> _RECORDED DATA_
****

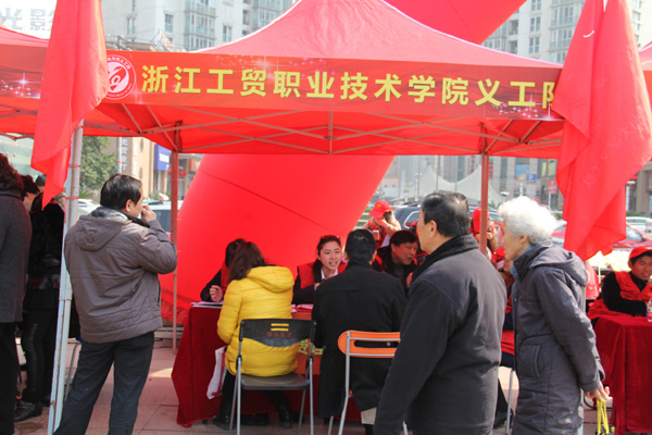 3月5日是毛泽东主席亲笔提字“向雷锋同志学习”51周年纪念日,也是温州广电市民义工团成立一周年。管理学院组织师生到松台广场参加由温州市委宣传部、共青团温州市委、温州慈善总会、温州广电传媒集团联合主办的“深化学雷锋志愿服务活动,践行社会主义核心价值观”为主题的温州广电市民义工团惠民大行动。管理学院组织两支队伍,一支是由谢敏、林贵、陈君等老师组成的理财咨询服务队,另一支是由潘丽雅等五位同学组成的大学生美丽水乡治污小分队。
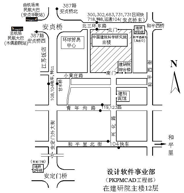 建研院北门(正门):北三环东路30号,安贞桥向东200米路南。
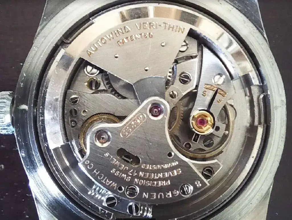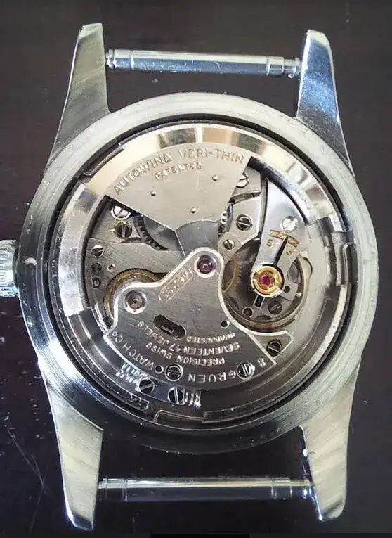 Gruen llama el calibre "very thin", que desde mi punto de vista no es más plano que los Omega a martillo, pero bien.
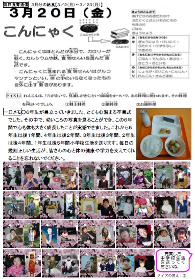 毎日食育通信:6年生が巣立っていきました。(3月20日)
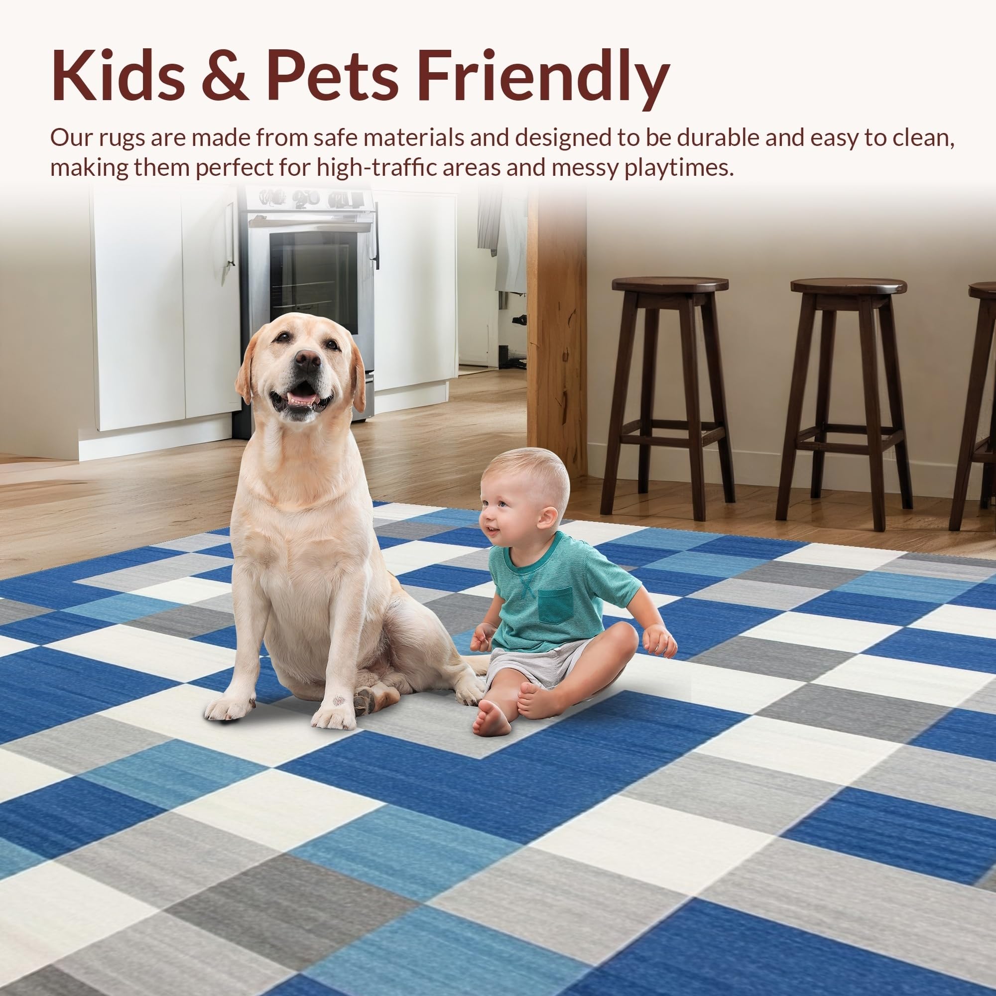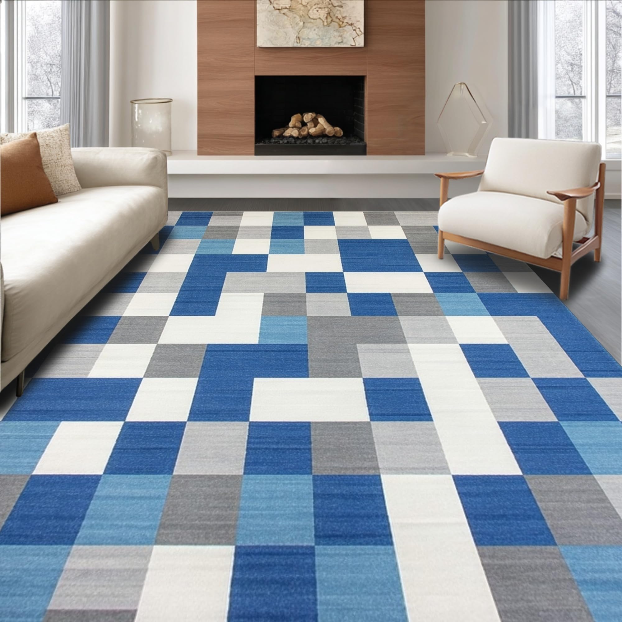 Ultra Soft Area Rug, Non Slip, Stain Resistant, Washable Area Rugs for Living Room, Bedroom, Mid Century Modern Hall Runner(Blue) Overview:
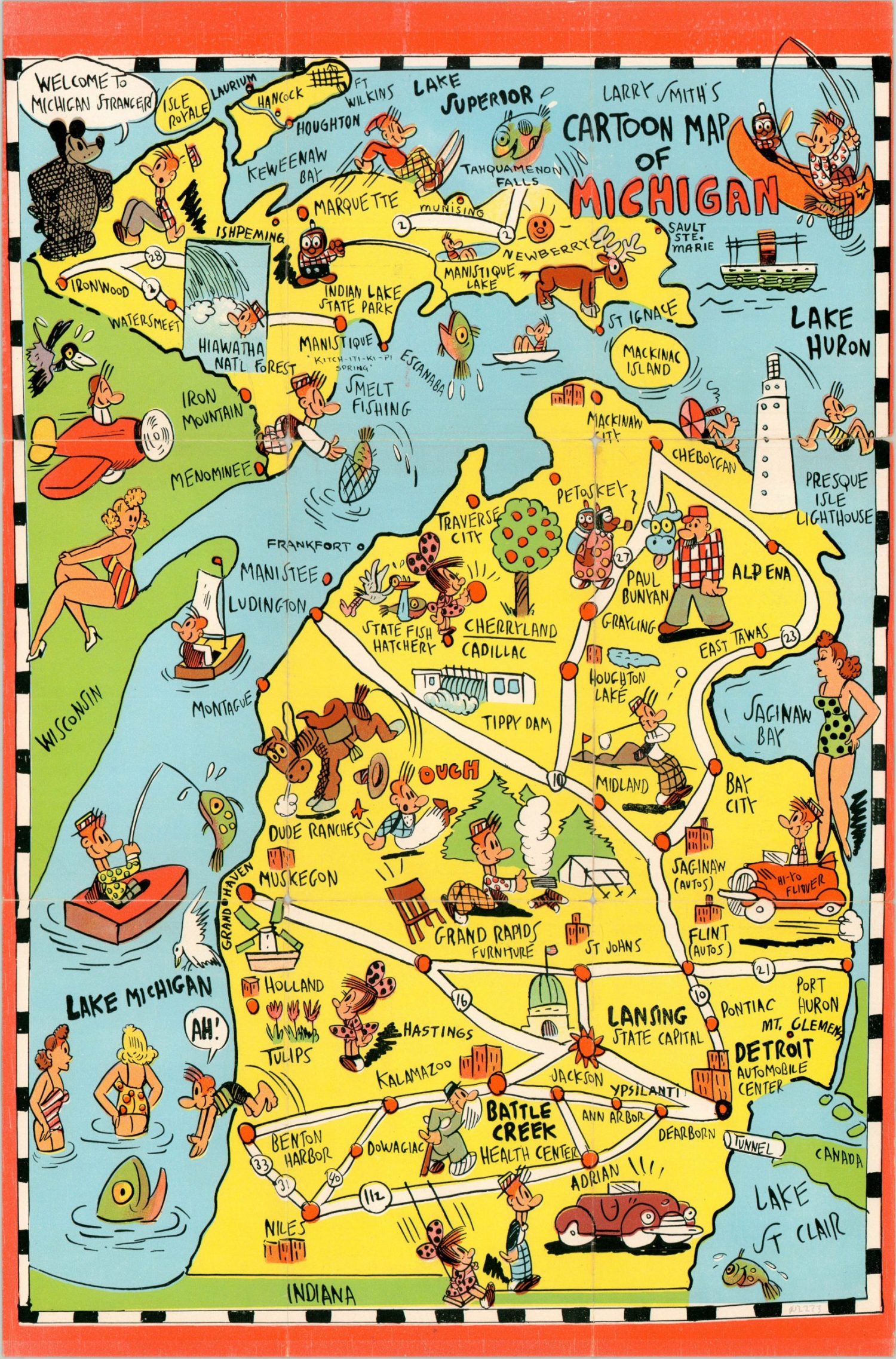 This charming vintage illustrated map of Michigan and it’s Upper Peninsula was drawn in the late 1930’s by the renowned cartoonist Larry Smith. Perhaps better known as ‘Hillbilly’ Smith, Larry traveled across the country during the Great Depression, creating cartoons for everything from postcards to baseball programs.
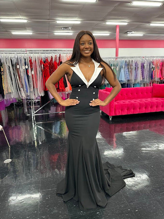 Johnathan Kayne 1442 Size 4 Black Long Tuxedo Dress Pageant Formal Evening Gown Classy
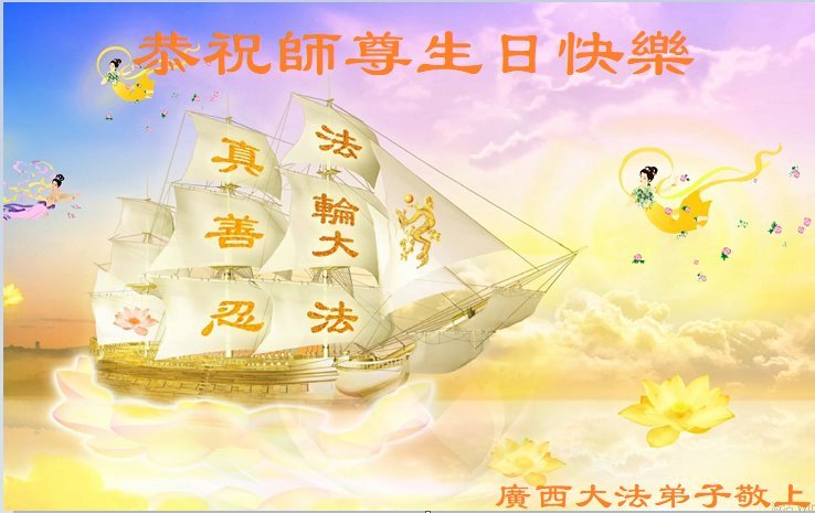 Praktikanti iz autonomne regije Guangsi Džuang su napisali: „Saosećajni Učitelju, brinuli ste se o nama, patili za nas, uklanjali našu karmu i štitili nas od davnina do danas. Ne možemo izraziti našu zahvalnost rečima. Možemo samo da nastavimo da pamtimo Fa, povećavamo svoje ispravne misli i sustižemo period Fa-ispravljanja. S poštovanjem dočekujemo Učitelja nazad [u Kinu]!“
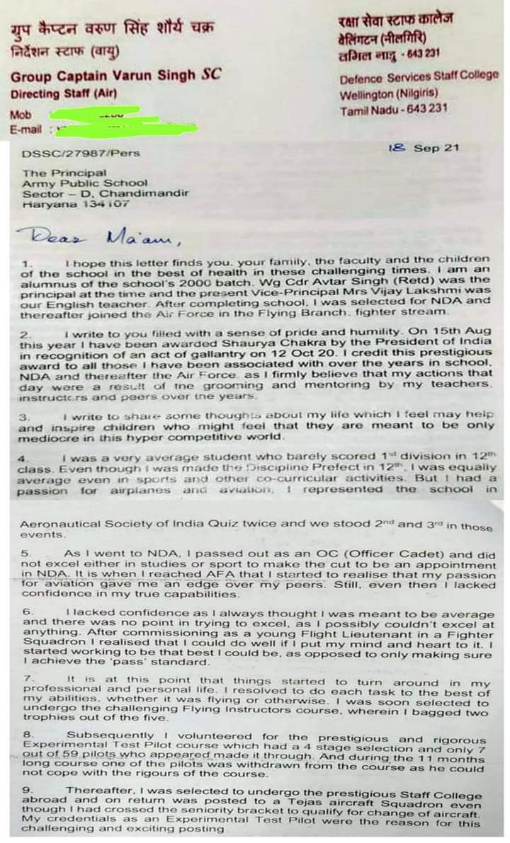 In his letter, Varun Singh did not boast his valour, instead he referred to his failures and talked about how he converted his shortcomings into abilities.
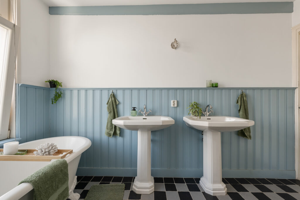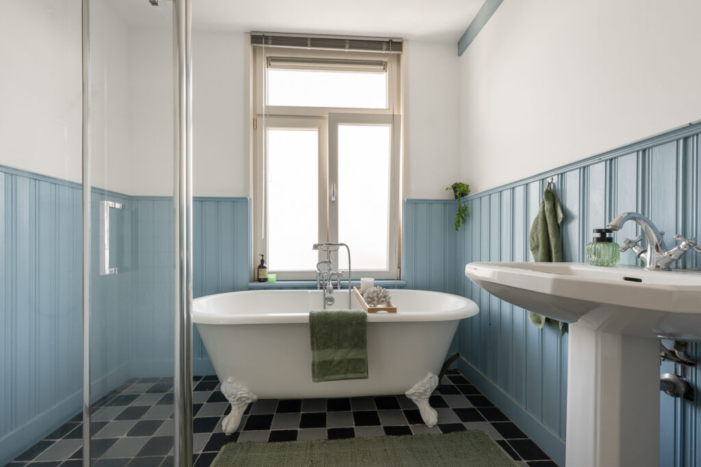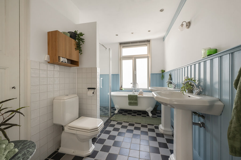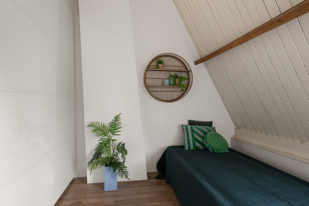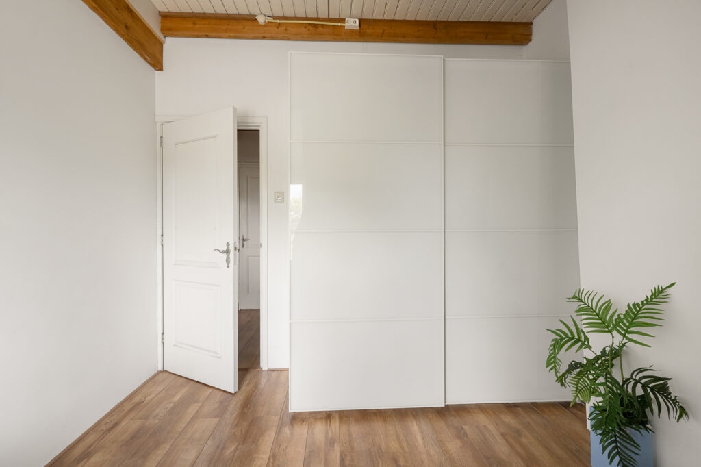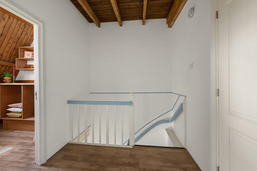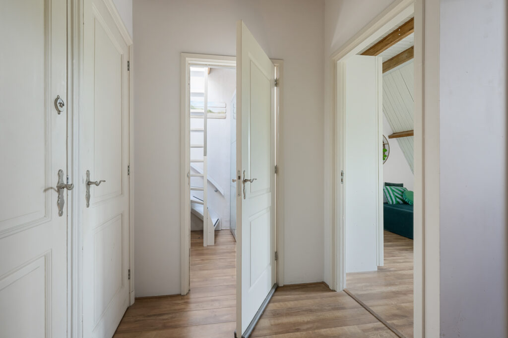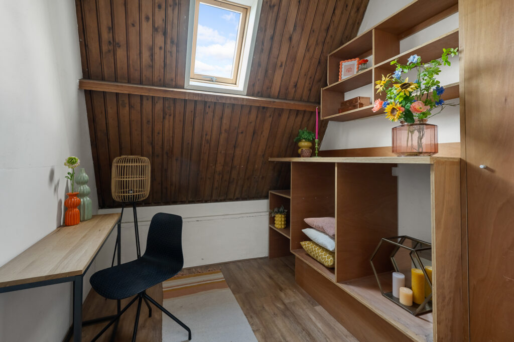 Een verdieping hoger ligt de slaapverdieping met een ruime overloop en drie kamers: twee royale slaapkamers en een derde kamer die nu dienstdoet als werkkamer, maar net zo goed kan functioneren als extra slaapkamer of walk-in. De badkamer is royaal opgezet en uitgerust met een vrijstaand ligbad, inloopdouche, tweede toilet en dubbele wastafel. Vanaf de overloop leidt een vaste trap naar het dakterras.

****

> _EXERCISE_
Return exactly the stretch above whose first line contains "Gruen llama el" and whose last line contains "This charming vintage", and nothing outside it. The pictures should not appear.

> _EXERCISE OUTPUT_
 Gruen llama el calibre "very thin", que desde mi punto de vista no es más plano que los Omega a martillo, pero bien.
 毎日食育通信:6年生が巣立っていきました。(3月20日)
 Ultra Soft Area Rug, Non Slip, Stain Resistant, Washable Area Rugs for Living Room, Bedroom, Mid Century Modern Hall Runner(Blue) Overview:
 This charming vintage illustrated map of Michigan and it’s Upper Peninsula was drawn in the late 1930’s by the renowned cartoonist Larry Smith. Perhaps better known as ‘Hillbilly’ Smith, Larry traveled across the country during the Great Depression, creating cartoons for everything from postcards to baseball programs.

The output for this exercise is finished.